As he is about to go, he notices that his horse is missing.
He shouts, asking for his horse, but nobody seems to know where it is.
“If I don’t find my horse, I will do exactly what I did when I lost my first horse!”
Suddenly, the horse appears.
Out of curiosity, a man goes up to him and asks,
“What did you do when you lost your first horse?” He replies,
“I walked.”

A duck, a pigeon, and a chicken all walk into a courtroom…
The judge asked the duck, “What is your crime?”
The duck responds, “I was blowing bubbles in front of City Hall.”
The judge says, “There’s no crime committed here, you’re free to go.”
The judge then asks the pigeon, “What is your crime?”
The pigeon responds, “I was also blowing bubbles in front of City Hall.”
The judge looks a little confused but finally says, “There’s no crime committed here, you’re also free to go.”
Lastly, the chicken walks up to the judge, and the judge asks, “What is your crime?”
The chicken, first looking back at the pigeon and the duck, then turning to the judge says,
“I’m Bubbles.”

There is this girl, she is five.
She goes spying on her big sister and she hears her cussing out her boyfriend she says, “you mother f*ck!ng @$$h0le!”
Just then jill, that’s the little girl, interrupts them talking and blurts out,
“Big Sis,what does @$$hole mean?
The girl surprised by the question,says, BOYFRIEND!
Okay , so the girl runs off onto the bathroom.
Jill sneaks up on her dad while he was shaving and says boo!
THE dad says “Shit!”
So the girl ask her dad “What does shit mean?”
And he stammers “Shaving cream”.
So she said okay and went about her day.
Jill then runs into her mom, who was in the kitchen cutting the turkey.
Her mom is startled when Jill comes in, cuts her hand, and says “F*ck!”.
So Jill ask “What does f*ck mean momma?”
And scrambling for an answer, her mom says “cutting.”
All of the sudden, they hear the door.
Jill answers and sees her Dads boss at the door.
He ask “Sweetie, do you know where everyone is at?”
And she says, “Well, my sister’s talking to her @$$h0le, my Moms f*cking the turkey and my Dads wiping the shit off his face.”

One day the first grade teacher was reading the story of the Three Little Pigs to her class.
She came to the part of the story where the first pig was trying to accumulate the building materials for his home.
She read, “…and so the pig went up to the man with the wheel barrow full of straw and said,
“Pardon me sir, but may I have some of that straw to build my house?”
The teacher paused then asked the class,
“And what do you think that man said?”
Little Johnny raised his hand and said,
“I think he said ‘Holy Sh*t! A talking pig!’”
The teacher was unable to teach for the next 10 minutes.
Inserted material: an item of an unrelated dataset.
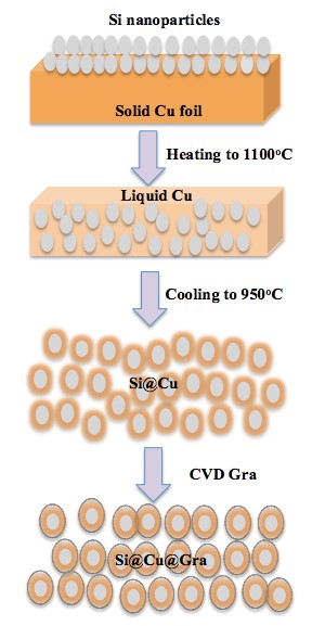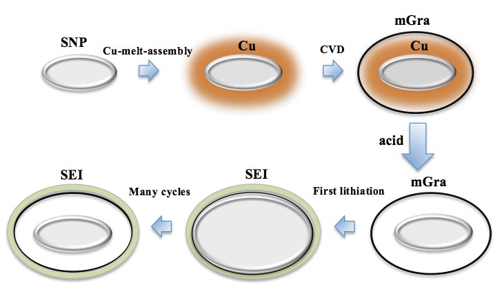 离子二次电池中负极材料作为储锂的主体,在充放电过程中实现锂离子的嵌入与脱出,对电池的性能有至关重要的影响。目前,商业化的锂离子电池的负极主要采用石墨为负极材料(比容量372 mAh/g),但是存在比容量低、首次充放电效率低、与电解液发生反应等缺点。因此,今后一段时间内锂离子电池负极材料的研究热点将主要集中开发具有高比容量、高倍率性能、长循环寿命、低成本、高安全的新型可替代石墨的负极材料。硅作为合金基的电极材料在所有的已报道的电极材料中具有最高的比容量(4200 mAh/g),硅元素在地壳中储量丰富(27%)、价格低廉,清洁无污染,有望成为下一代高比能锂离子电池的负极材料之一,但是由于硅较低的电导率(~2x10-4/米欧姆),极大的体积膨胀效应(400%),持续的新的固体电解质界面的形成(SEI),以及低的首次库仑效率,硅电极材料在充放电过程中会粉化从而从集流体上脱落,使得活性物质之间及活性物质与集流体之间失去电接触,最终导致充放电容量的急剧下降。最近该课题组创新性地利用热熔融-组装金属铜的方法,在纳米硅粒子表面包覆一层铜,然后通过化学气相沉积的方法原位可控的制备了单层及几层的石墨烯包覆的Yolk-Shell式纳米复合结构,利用单层石墨烯高的杨氏模量(1100GP)和优越的导电性,该纳米结构显示出了优异的循环稳定性和高的首次库仑效率。此方法可以实现在纳米硅表面进行纳米石墨烯的可控制备,就像审稿人所说的,是一次真正意义上硅-石墨烯纳米复合材料的突破。同时,该研究为有目的构筑、调控纳米复合结构和研发新型电极材料提供了有益的启示。该文章的发表是我校在纳米能源材料领域研究的重要突破。

A crab and a lobster are secretly dating.
Pretty soon, the lobster tires of the lying and tells her father, who then forbids her to see the crab anymore.
“It’ll never work, honey.” he says to her. “Crabs walk sideways and we walk straight.”
“Please,” she begs her father. “Just meet him once. I know you’ll like him.”
Her father finally relents and agrees to a one-time meeting, and she runs off to share the good news with her crab sweetie.
The crab is so excited he decides to surprise his beloved’s family. He practices and practices until he can finally walk straight!
On the BIG day, he walks the entire way to the lobster’s house as straight as he can.
Standing on the porch, and seeing the crab walking towards him, the lobster dad yells to his daughter…..
“I knew it! Here comes that crab and he’s drunk!”